Some truths about the Universe and our experience in it seem immutable. The sky is up. Gravity sucks. Nothing can travel faster than light. Multicellular life needs oxygen to live. Except we might need to rethink that last one.
Earlier this year, scientists discovered that a jellyfish-like parasite doesn’t have a mitochondrial genome – the first multicellular organism known to have this absence. That means it doesn’t breathe; in fact, it lives its life completely free of oxygen dependency.
This discovery isn’t just changing our understanding of how life can work here on Earth – it could also have implications for the search for extraterrestrial life.
Life started to develop the ability to metabolise oxygen – that is, respirate – sometime over 1.45 billion years ago. A larger archaeon engulfed a smaller bacterium, and somehow the bacterium’s new home was beneficial to both parties, and the two stayed together.
That symbiotic relationship resulted in the two organisms evolving together, and eventually those bacteria ensconced within became organelles called mitochondria. Every cell in your body except red blood cells has large numbers of mitochondria, and these are essential for the respiration process.
They break down oxygen to produce a molecule called adenosine triphosphate, which multicellular organisms use to power cellular processes.
We know there are adaptations that allow some organisms to thrive in low-oxygen, or hypoxic, conditions. Some single-celled organisms have evolved mitochondria-related organelles for anaerobic metabolism; but the possibility of exclusively anaerobic multicellular organisms has been the subject of some scientific debate.
That is, until a team of researchers led by Dayana Yahalomi of Tel Aviv University in Israel decided to take another look at a common salmon parasite called Henneguya salminicola.
It’s a cnidarian, belonging to the same phylum as corals, jellyfish and anemones. Although the cysts it creates in the fish’s flesh are unsightly, the parasites are not harmful, and will live with the salmon for its entire life cycle.
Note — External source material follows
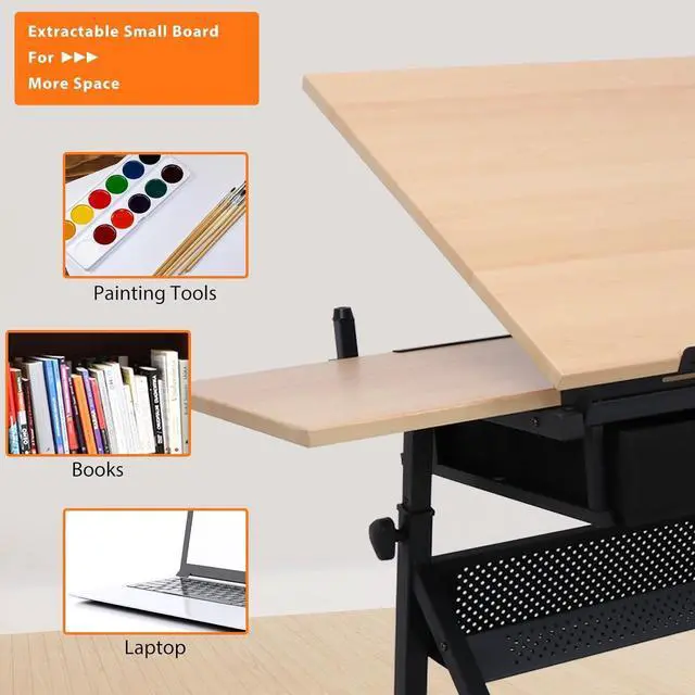 This adjustable tabletop and height drawing desk is made of high quality MDF board with PVC, durable powder coated steel frame and non-woven drawers. The sheet stopper on lip effective prevent sheets slipping

Tucked away inside its host, the tiny cnidarian can survive quite hypoxic conditions. But exactly how it does so is difficult to know without looking at the creature’s DNA – so that’s what the researchers did.
They used deep sequencing and fluorescence microscopy to conduct a close study of H. salminicola, and found that it has lost its mitochondrial genome. In addition, it’s also lost the capacity for aerobic respiration, and almost all of the nuclear genes involved in transcribing and replicating mitochondria.
Like the single-celled organisms, it had evolved mitochondria-related organelles, but these are unusual too – they have folds in the inner membrane not usually seen.
The same sequencing and microscopic methods in a closely related cnidarian fish parasite, Myxobolus squamalis, was used as a control, and clearly showed a mitochondrial genome.
These results show that here, at last, is a multicellular organism that doesn’t need oxygen to survive.
Exactly how it survives is still something of a mystery. It could be leeching adenosine triphosphate from its host, but that’s yet to be determined.
But the loss is pretty consistent with an overall trend in these creatures – one of genetic simplification. Over many, many years, they have basically devolved from a free-living jellyfish ancestor into the much more simple parasite we see today.
They’ve lost most of the original jellyfish genome, but retaining – oddly – a complex structure resembling jellyfish stinging cells. They don’t use these to sting, but to cling to their hosts: an evolutionary adaptation from the free-living jellyfish’s needs to the parasite’s. You can see them in the image above – they’re the things that look like eyes.
The discovery could help fisheries adapt their strategies for dealing with the parasite; although it’s harmless to humans, no one wants to buy salmon riddled with tiny weird jellyfish.
But it’s also a heck of a discovery for helping us to understand how life works.
“Our discovery confirms that adaptation to an anaerobic environment is not unique to single-celled eukaryotes, but has also evolved in a multicellular, parasitic animal,” the researchers wrote in their paper, published in February 2020.
“Hence, H. salminicola provides an opportunity for understanding the evolutionary transition from an aerobic to an exclusive anaerobic metabolism.”
The research has been published in PNAS.